§ Available data
════════════════
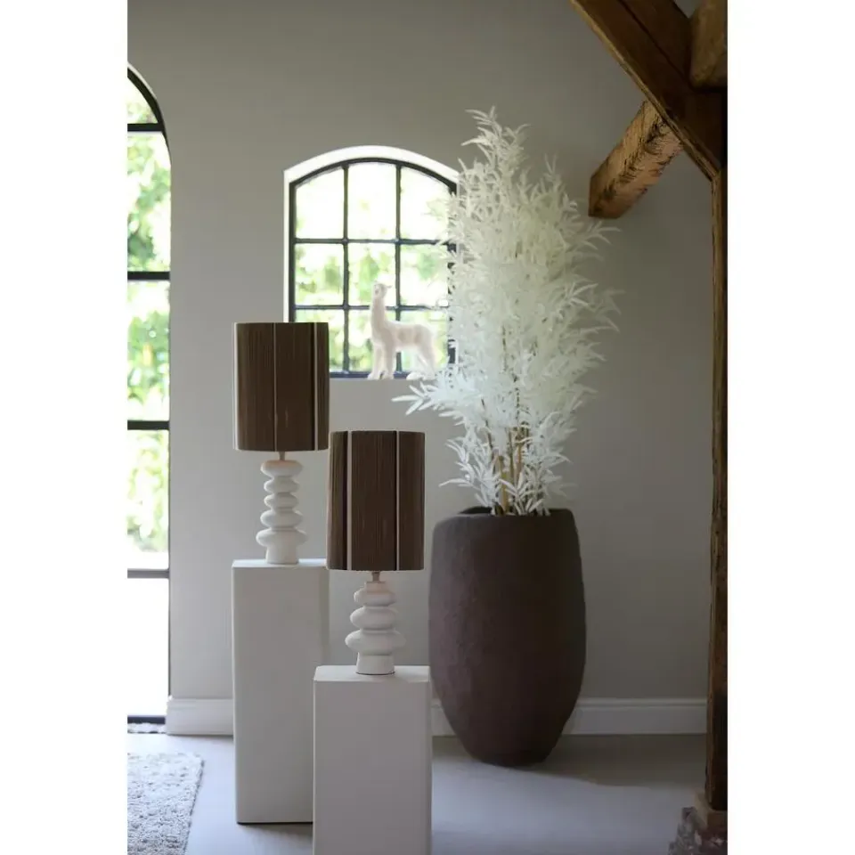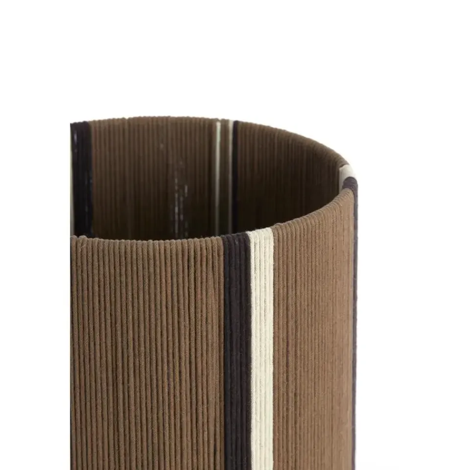 Deze cilinder lampenkap Medan onderscheidt zich door zijn opvallende ontwerp. De lampenkap is gemaakt van dunne jute draden die gespannen zijn in het frame. Dit geeft de lampenkap een luchtige, textuurrijke uitstraling die een prachtig spel van licht creëert in elke ruimte. Perfecte voor wie op zoek is naar een lampenkap die net even anders is dan de rest en zowel stijl als originaliteit uitstraalt.
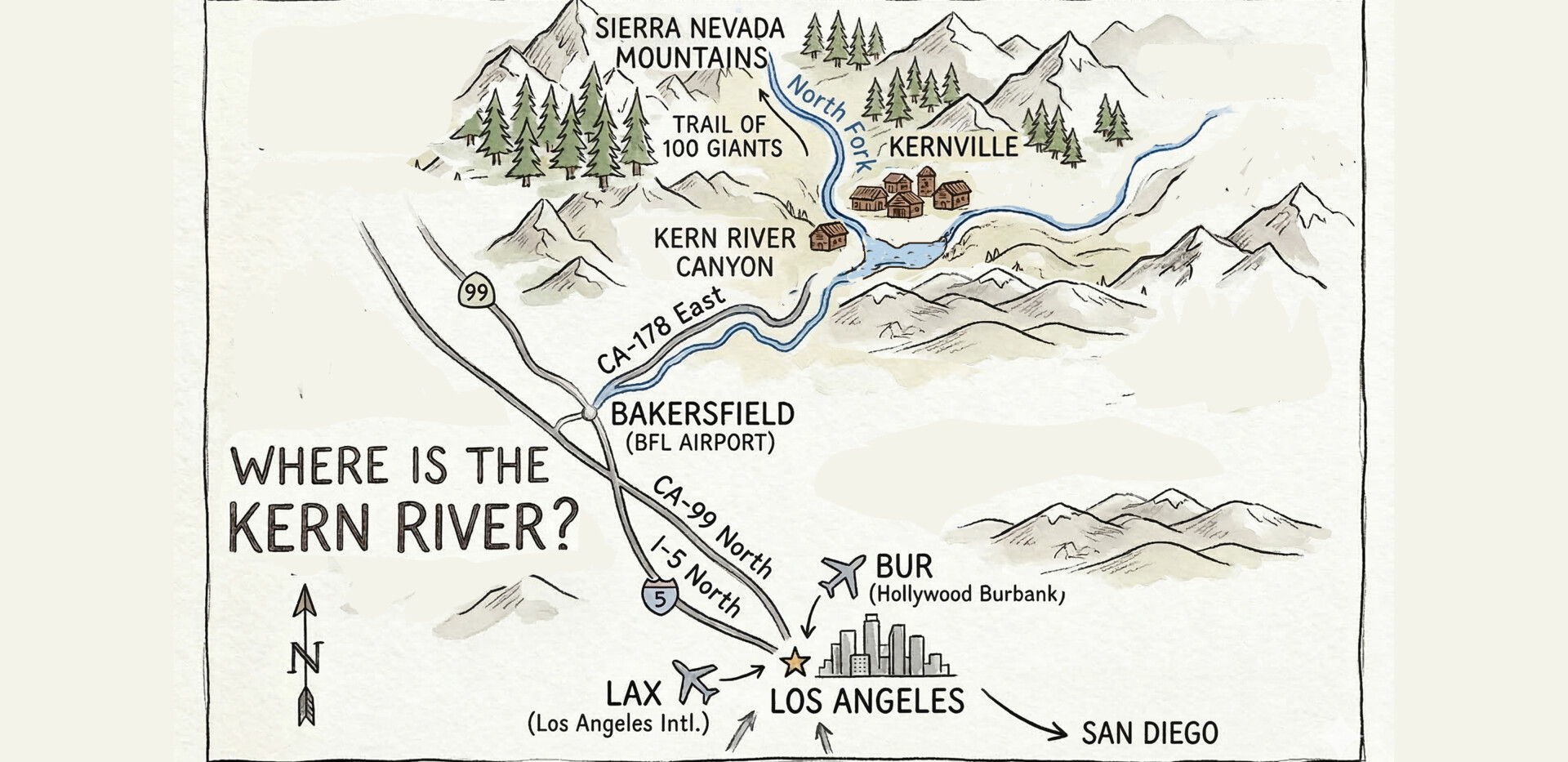 Kernville, CA Your trip begins in the Kernville area. This charming, historic Old West town is the perfect gateway to the Sequoia National Forest. It strikes a rare balance—offering the welcoming, unplugged feel of a true mountain retreat, alongside great local amenities.
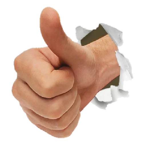 Mão com polegar para cima saindo de um buraco, com expressão de aprovação ou concordância.
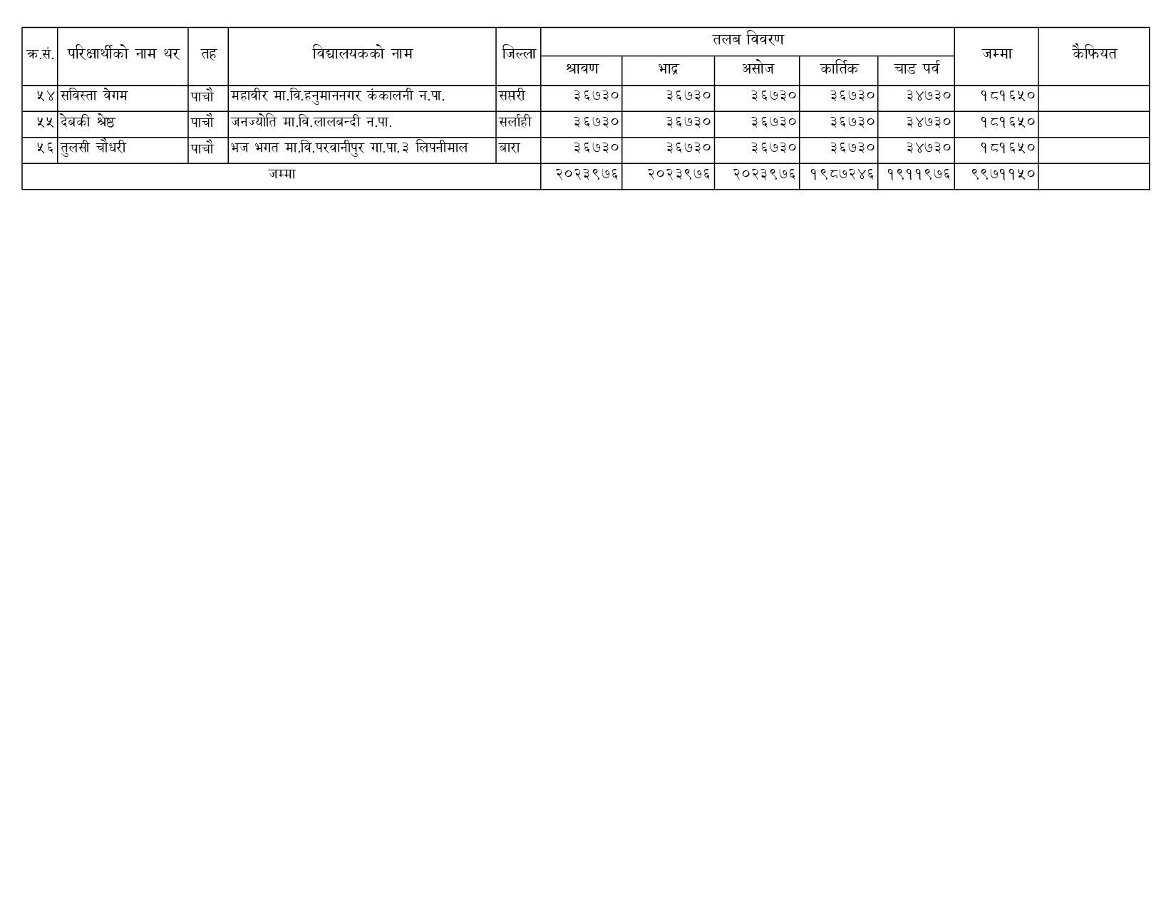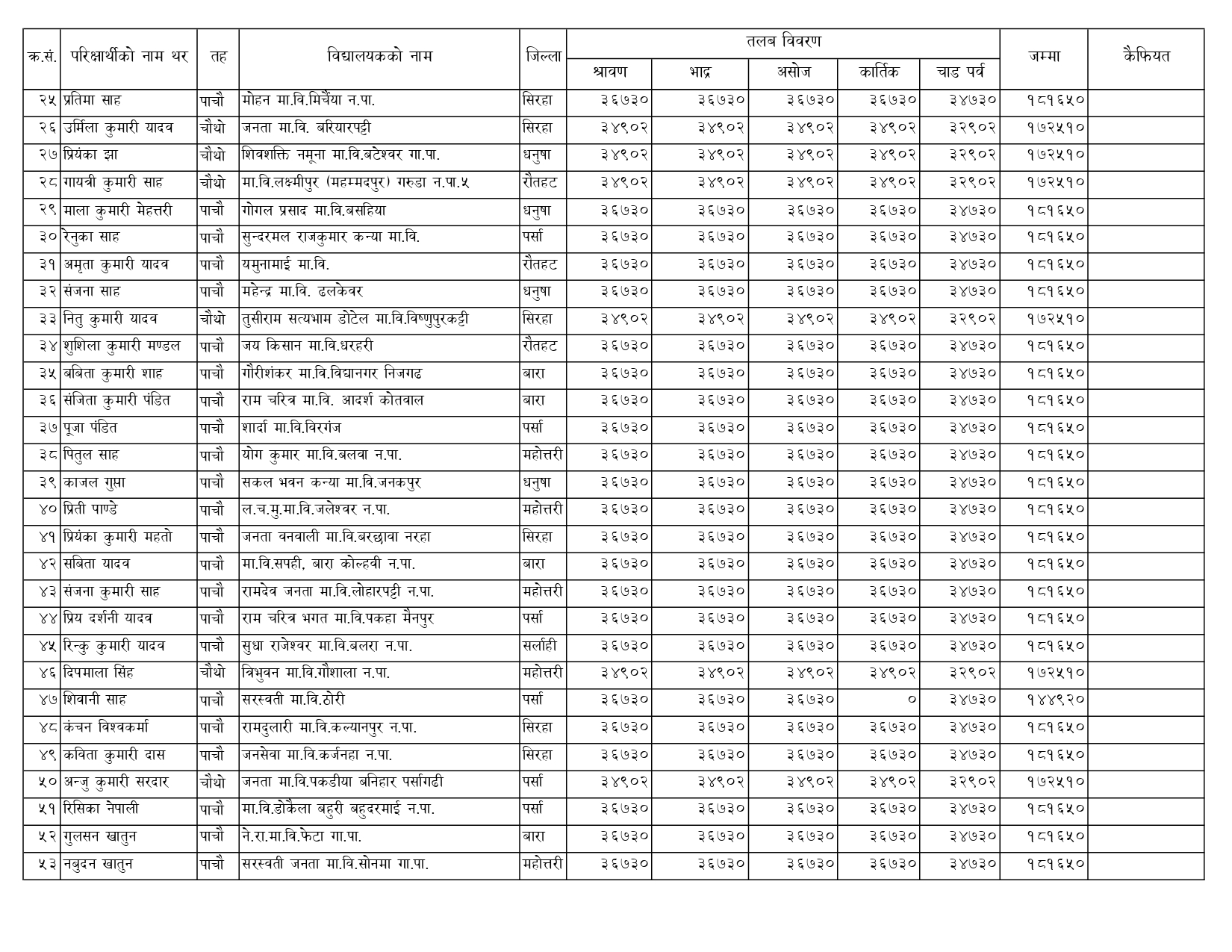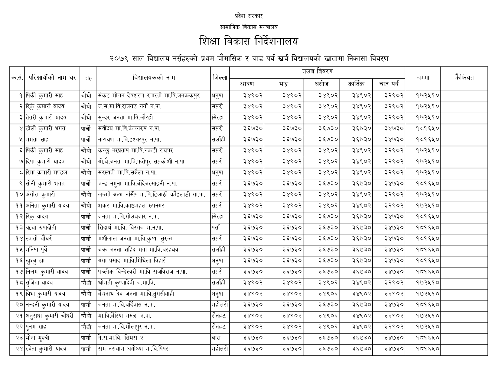 मधेश प्रदेश अन्तर्गत शिक्षा विकास निर्देशनालय मार्फत संचालन रहेको विद्यालय नर्सहरुको २०७९ साल श्रावण, भाद्र,अशोज, कार्तिक महिनाको तलब भत्ता र चाड पर्व खर्च निकासा
════════════════
§ Exercise aim
Repeat each line above exactly. The pictures stay out.

§ Worked solution
 Deze cilinder lampenkap Medan onderscheidt zich door zijn opvallende ontwerp. De lampenkap is gemaakt van dunne jute draden die gespannen zijn in het frame. Dit geeft de lampenkap een luchtige, textuurrijke uitstraling die een prachtig spel van licht creëert in elke ruimte. Perfecte voor wie op zoek is naar een lampenkap die net even anders is dan de rest en zowel stijl als originaliteit uitstraalt.
 Kernville, CA Your trip begins in the Kernville area. This charming, historic Old West town is the perfect gateway to the Sequoia National Forest. It strikes a rare balance—offering the welcoming, unplugged feel of a true mountain retreat, alongside great local amenities.
 Mão com polegar para cima saindo de um buraco, com expressão de aprovação ou concordância.
 मधेश प्रदेश अन्तर्गत शिक्षा विकास निर्देशनालय मार्फत संचालन रहेको विद्यालय नर्सहरुको २०७९ साल श्रावण, भाद्र,अशोज, कार्तिक महिनाको तलब भत्ता र चाड पर्व खर्च निकासा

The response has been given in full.